Bien entendu, cela était dû en grande partie à Da Marchi et à ses forces musicales. L’Orchestre du Deutsche Oper a joué avec beaucoup de style et de sensibilité : sans chercher à être ce qu’il n’était pas, mais en s’engageant dans une recréation de Bach pour aujourd’hui, sans jamais suggérer qu’il préférerait jouer du Wagner. En effet, dans leurs rôles obligés, on sentait un moment de libération musicale : comme c’était merveilleux, semblait-il, que pour une fois ils puissent non seulement jouer ce répertoire mais s’engager dans leur propre théâtre musical. De même, les forces chorales massives, utilisées ensemble avec parcimonie, mais exprimant le drame et la réflexion autour de nous, évoquant autant une grande basilique que Stockhausen.
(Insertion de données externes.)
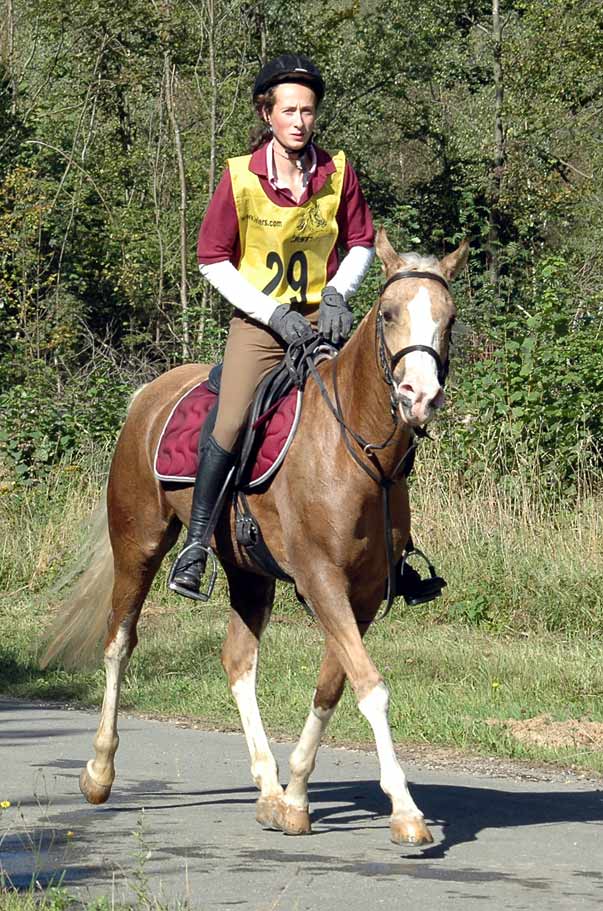 Ce même week-end, May-By et moi étions engagés dans l'épreuve de 120 km en deux jours. Malheureusement, une boiterie postérieure le premier soir a éliminé May-By qui avait pourtant fait bonne impression jusque là. Endurance Bierbeek octobre 2005 |

Tous ceux qui ont participé à leur direction méritent d’être reconnus, tant sur le plan pastoral que musical, de ce travail et de cette production en pratique. On peut remettre en question certains choix musicaux, mais ce sera toujours le cas dans une telle musique ; on peut encore apprendre des choix faits. Je n’ai peut-être pas choisi d’utiliser des luths pour le continuo, mais j’ai grandement apprécié leur contribution.
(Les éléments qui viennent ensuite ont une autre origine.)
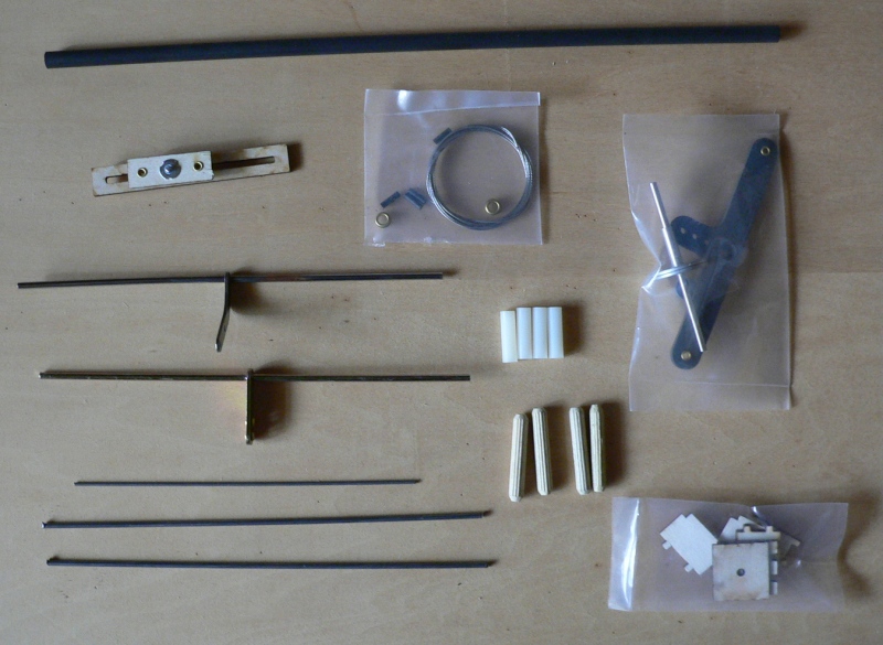 上はプッシュロッド用のカーボンパイプですが短いのが入っていないようです。ハードウエアのパックの中身はこのようのものがあります。 |

Kieran Carrel s’est révélé un excellent évangéliste. Dans le meilleur des cas, c’est une tâche considérable, tant sur le plan émotionnel que vocal ; avec des tâches « dramatiques » supplémentaires, cela le devint encore plus. La compréhension et la communication de Carrel semblaient s’approfondir grâce à ces défis, s’engageant pleinement dans les circonstances et leur cadre conceptuel. On pourrait dire la même chose du Christus de Padraic Rowan, d’une beauté sombre : étrangement, proprement distant mais aussi accessible. Les autres solistes vocaux ont également tous impressionné. Aux prises avec un rhume, Joel Allison a néanmoins livré des récits émouvants des airs de basse ; il n’y avait que quelques occasions où l’on pouvait le dire. Le ténor Kangyoon Shine Lee a au moins fait ses preuves dans les airs de ténor, ligne et ton finement sculptés au service du texte. Siobhan Stagg et Annika Schlicht se complètent parfaitement en tant que soprano et mezzo-soprano, offrant des performances à la fois réfléchies et, semble-t-il, dramatiquement spontanées. Youngkwang Oh et Artur Garbas ont impressionné de la même manière dans leurs rôles. Il n’y avait pas vraiment de maillon faible, mais plutôt, au sens propre du terme, une communauté musicale qui à la fois construisait et était construite par la grande Passion de Bach et sa mise en scène particulière.